Enemy No. 2 lurks in the United States. She is Elizabeth Arden, whom Rubinstein calls ‘the Other One’. Rubinstein fights this battle until the end of her life: not only with creams and powders. When Arden hires away one of Rubinstein’s managers, Rubinstein retaliates, hiring her ex-husband.
As the Great War rages, Madame opens salons in New York, Philadelphia, Washington, Chicago and San Francisco. Since only suffragettes use lipstick, red lipstick is viewed as immoral. Rubinstein has no problem with that. She trains make-up instructors, who pass on their knowledge to clients. She promotes gymnastics.
During World War II, Rubinstein sends American troops burn salves and camouflage-coloured creams. She supports the Polish Red Cross. During this time she creates a waterproof mascara, a skin-firming cream and one containing vitamins.
Beauty has two initials
Rubinstein is good with numbers from childhood. First she maintains her father’s accounts when he trades in petroleum and eggs. When she comes to run her own firm, she passionately tracks the company’s stocks on the stock exchange. She comes out of the great financial crisis richer by nearly $6 million. In her official documents, Rubinstein subtracts several years from her age and adds her high heels to her height (147 cm). Her one problem is calculating calories: with age, her figure becomes rounder. This can hardly be seen in photographs of her: she orders that they be airbrushed.
For a millionaire, Rubinstein is thrifty. In her tax returns, she claims her high-fashion dresses as working clothes and she gets tax refunds both in New York and Paris. She sends her secretary to buy her discounted stockings. She organises energy-saving courses for her employees. For lunch, she buys take-away fried chicken and eats it at work, so as to save time.
She always says that there are no ugly women, only lazy ones. She is happiest when working and is amazed that there might be something more important. She hires from within her own family: Arden calls this the ‘Polish mafia’.
She surrounds herself with luxury.

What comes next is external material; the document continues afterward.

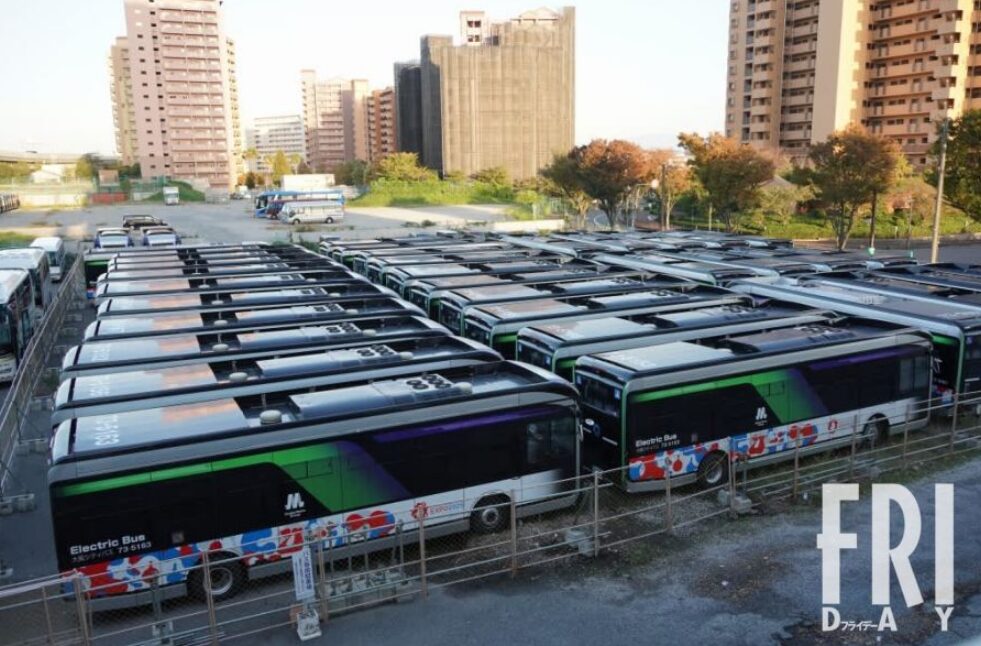 そう話すのは、大阪メトロのファンサイト『Osaka-Subway.com』を管理する運営者の男性だ。大阪府泉大津市内にある巨大なスペースに突如出現した万博カラーのEVバス。12月中旬には50台近くが止められていたが、これらは不具合多発で問題になっている『EVモーターズ・ジャパン(以下、EVMJ)』が中国より輸入・販売した『WISDOM大型(全長10.5m)』である。10月に閉幕した『大阪・関西万博』では、主に桜島シャトルバスと舞洲パークアンドライドバスなどに使用された。

Fights with her husband regularly end in gifts of pearls, but ultimately they end in divorce. In her 26-room flat, she collects African sculpture, Victorian chairs, Chinese tables and Turkish lamps. On her walls hang works by Renoir, Picasso, Chagall and Matisse.
She has 27 portraits of herself. The one in which she is bound to a rock by a rope of emeralds is painted by Salvador Dali. He also designs her corporate logo – HR – and a cosmetics compact. He also refurbishes her dining room.
The 66-year-old queen of beauty marries a prince of Georgia, a man some 23 years her junior. After his death, she throws herself back into work. At 95 years of age, she suffers a stroke in her office. She dies a day later the world’s wealthiest woman: Her empire is worth $100 million. Today, the firm belongs to the cosmetics company L’Oréal.